■ Required work ■
Where the line containing "食材の上から押すだけ!簡単に" appears in the entries below, start there and print only that line and every line after it, exactly, through the end, excluding pictures.

Items from a dataset

——————

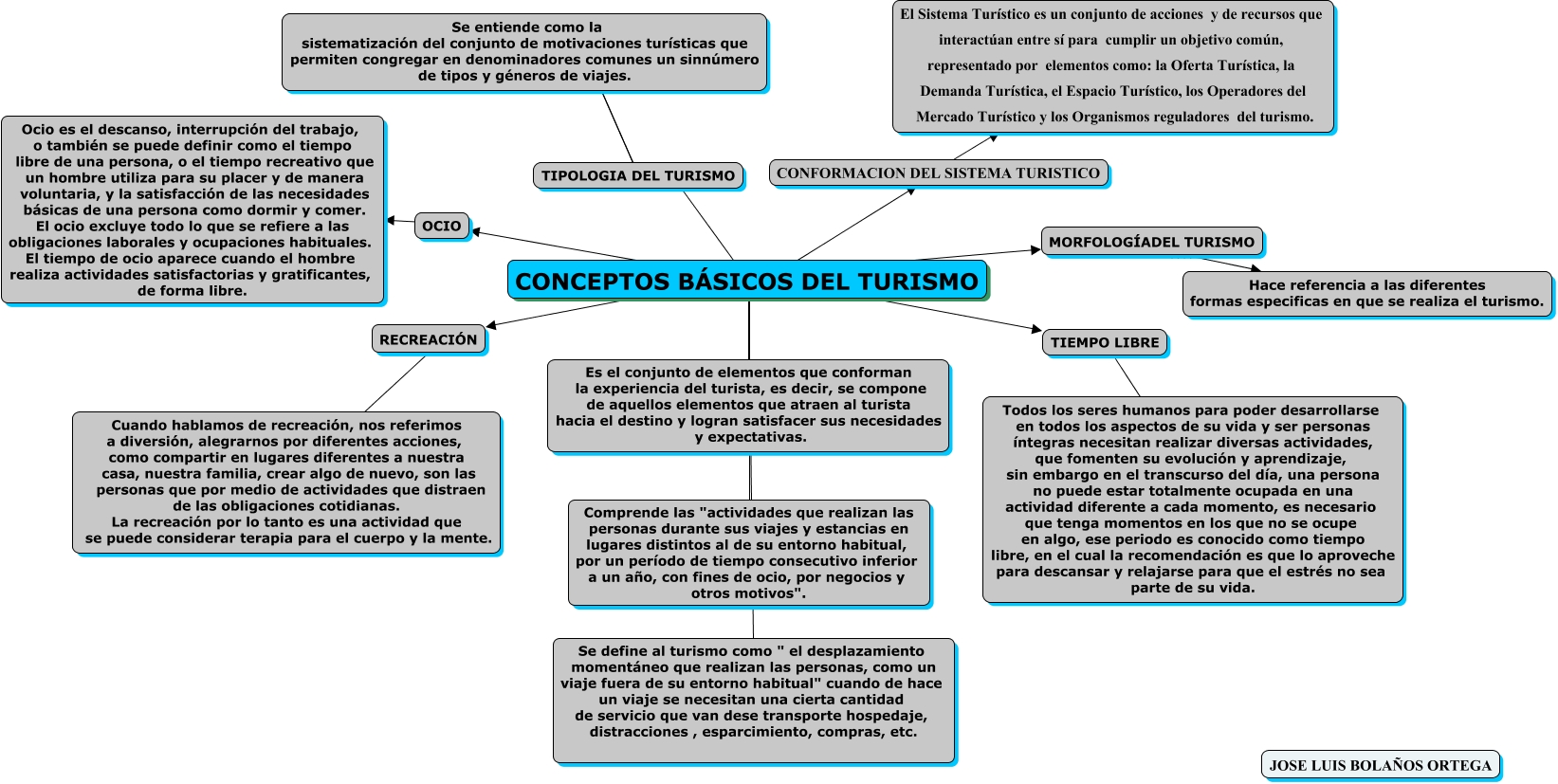 Este Cmap, tiene información relacionada con: Jose Luis Bolaños, CONCEPTOS BÁSICOS DEL TURISMO ???? Es el conjunto de elementos que conforman la experiencia del turista, es decir, se compone de aquellos elementos que atraen al turista hacia el destino y logran satisfacer sus necesidades y expectativas., CONFORMACION DEL SISTEMA TURISTICO ???? El Sistema Turístico es un conjunto de acciones y de recursos que interactúan entre sí para cumplir un objetivo común, representado por elementos como: la Oferta Turística, la Demanda Turística, el Espacio Turístico, los Operadores del Mercado Turístico y los Organismos reguladores del turismo., TIPOLOGIA DEL TURISMO ???? Se entiende como la sistematización del conjunto de motivaciones turísticas que permiten congregar en denominadores comunes un sinnúmero de tipos y géneros de viajes., MORFOLOGÍADEL TURISMO ???? Hace referencia a las diferentes formas especificas en que se realiza el turismo., CONCEPTOS BÁSICOS DEL TURISMO ???? Se define al turismo como " el desplazamiento momentáneo que realizan las personas, como un viaje fuera de su entorno habitual" cuando de hace un viaje se necesitan una cierta cantidad de servicio que van dese transporte hospedaje, distracciones , esparcimiento, compras, etc., RECREACIÓN ???? Cuando hablamos de recreación, nos referimos a diversión, alegrarnos por diferentes acciones, como compartir en lugares diferentes a nuestra casa, nuestra familia, crear algo de nuevo, son las personas que por medio de actividades que distraen de las obligaciones cotidianas. La recreación por lo tanto es una actividad que se puede considerar terapia para el cuerpo y la mente., CONCEPTOS BÁSICOS DEL TURISMO ???? OCIO, CONCEPTOS BÁSICOS DEL TURISMO ???? TIEMPO LIBRE, CONCEPTOS BÁSICOS DEL TURISMO ???? MORFOLOGÍADEL TURISMO, OCIO ???? Ocio es el descanso, interrupción del trabajo, o también se puede definir como el tiempo libre de una persona, o el tiempo recreativo que un hombre utiliza para su placer y de manera voluntaria, y la satisfacción de las necesidades básicas de una persona como dormir y comer. El ocio excluye todo lo que se refiere a las obligaciones laborales y ocupaciones habituales. El tiempo de ocio aparece cuando el hombre realiza actividades satisfactorias y gratificantes, de forma libre., TIEMPO LIBRE ???? Todos los seres humanos para poder desarrollarse en todos los aspectos de su vida y ser personas íntegras necesitan realizar diversas actividades, que fomenten su evolución y aprendizaje, sin embargo en el transcurso del día, una persona no puede estar totalmente ocupada en una actividad diferente a cada momento, es necesario que tenga momentos en los que no se ocupe en algo, ese periodo es conocido como tiempo libre, en el cual la recomendación es que lo aproveche para descansar y relajarse para que el estrés no sea parte de su vida., CONCEPTOS BÁSICOS DEL TURISMO ???? TIPOLOGIA DEL TURISMO, CONCEPTOS BÁSICOS DEL TURISMO ???? Comprende las "actividades que realizan las personas durante sus viajes y estancias en lugares distintos al de su entorno habitual, por un período de tiempo consecutivo inferior a un año, con fines de ocio, por negocios y otros motivos"., CONCEPTOS BÁSICOS DEL TURISMO ???? RECREACIÓN, CONCEPTOS BÁSICOS DEL TURISMO ???? CONFORMACION DEL SISTEMA TURISTICO
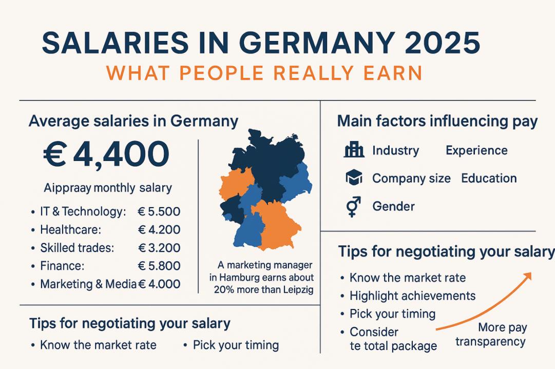 An updated, data-driven overview of average salaries, regional differences, and key factors that shape income in Germany — including tips for negotiating your own pay.
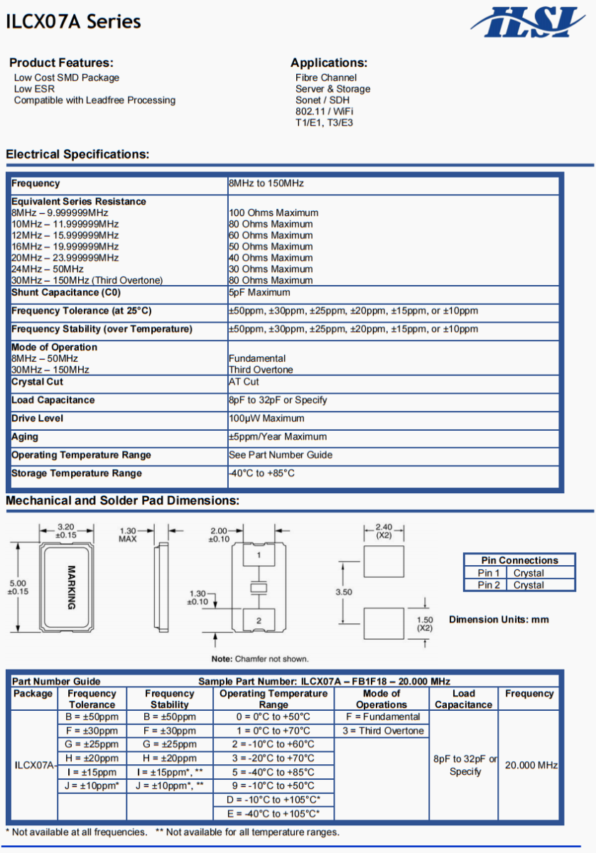 ILSI環(huán)保無鉛晶振,ILCX07A二腳晶振,ILCX07A-FB1F12- 18.432 MHz移動電話晶振
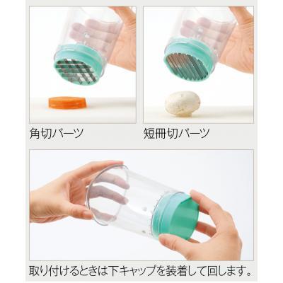 食材の上から押すだけ!簡単に食材を切ることができるスライサーです。セットする刃によって、スライスするかダイスにカットするかを選べる優れもの。
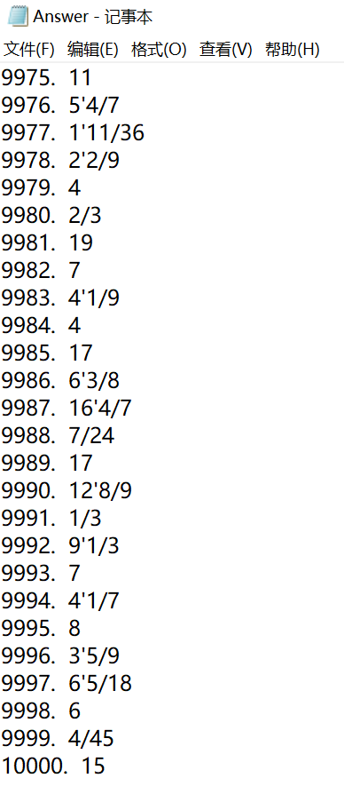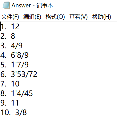 - 在生成题目的同时,计算出所有题目的答案,并存入执行程序的当前目录下的Answers.txt文件

——————

■ Answer area ■
 食材の上から押すだけ!簡単に食材を切ることができるスライサーです。セットする刃によって、スライスするかダイスにカットするかを選べる優れもの。
 - 在生成题目的同时,计算出所有题目的答案,并存入执行程序的当前目录下的Answers.txt文件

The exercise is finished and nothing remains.